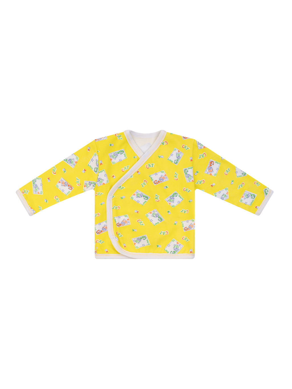 Трикотажная кофточка-распашонка с открытыми ручками из мягкого и теплого трикотажа лимонного цвета с принтом котики. Хорошо переносит частую стирку и носку. Застёжка спереди на кнопку, край обработан трикотажной бейкой.
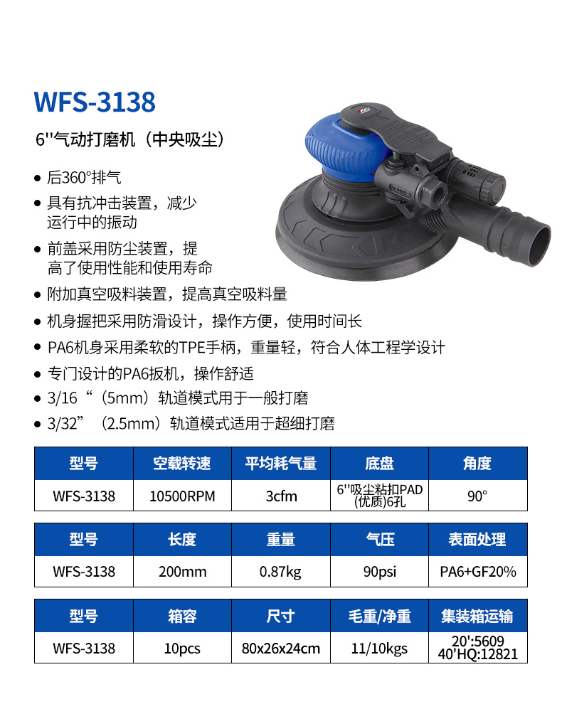具有抗冲击装置,减少运行中的振动;前盖采用防尘装置,提高了使用性能和使用寿命;附加真空吸料装置,提高真空吸料量.机身握把采用防滑设计,操作方便。适用于汽车美容、抛光除锈、木材打磨。
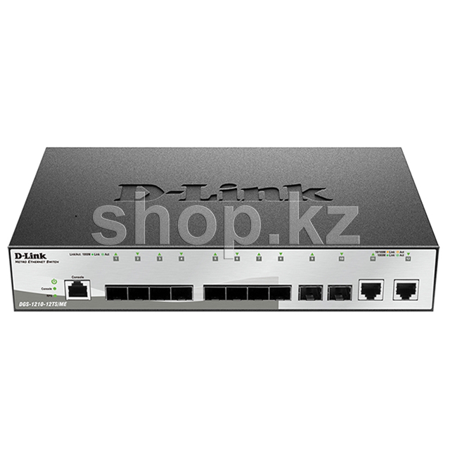 Коммутатор DGS-1210-12TS/ME является идеальным решением для применения в сетях Metro Ethernet. Коммутатор оснащен 10 портами 1000Base-X SFP и 2 портами 10/100/1000Base-T. Защита от статического электричества 6 кВ обеспечивает устойчивость к скачкам напряжения, а полный набор функций безопасности и аутентификации защищает сеть от внутренних и внешних угроз.
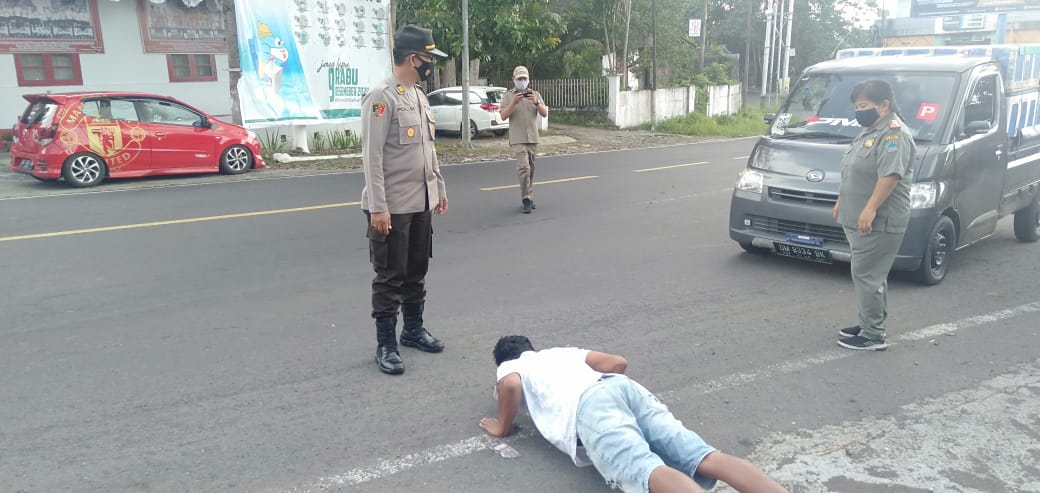 Dalam operasi tersebut sebanyak dua orang pelanggar prokes diberikan sanksi fisik berupa push up dan dihimbau agar kedepannya dapat menerapkan protokol kesehatan.
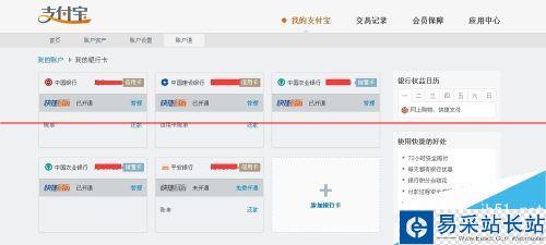 1、首先我们登录支付宝首页,选择右边的其他账户——银行卡,进入银行卡管理页面。
*-*-*
Try it → Everything from the line with "Dalam operasi tersebut" through the end of the records is to be repeated exactly. The pictures are not.

Response area →
 Dalam operasi tersebut sebanyak dua orang pelanggar prokes diberikan sanksi fisik berupa push up dan dihimbau agar kedepannya dapat menerapkan protokol kesehatan.
 1、首先我们登录支付宝首页,选择右边的其他账户——银行卡,进入银行卡管理页面。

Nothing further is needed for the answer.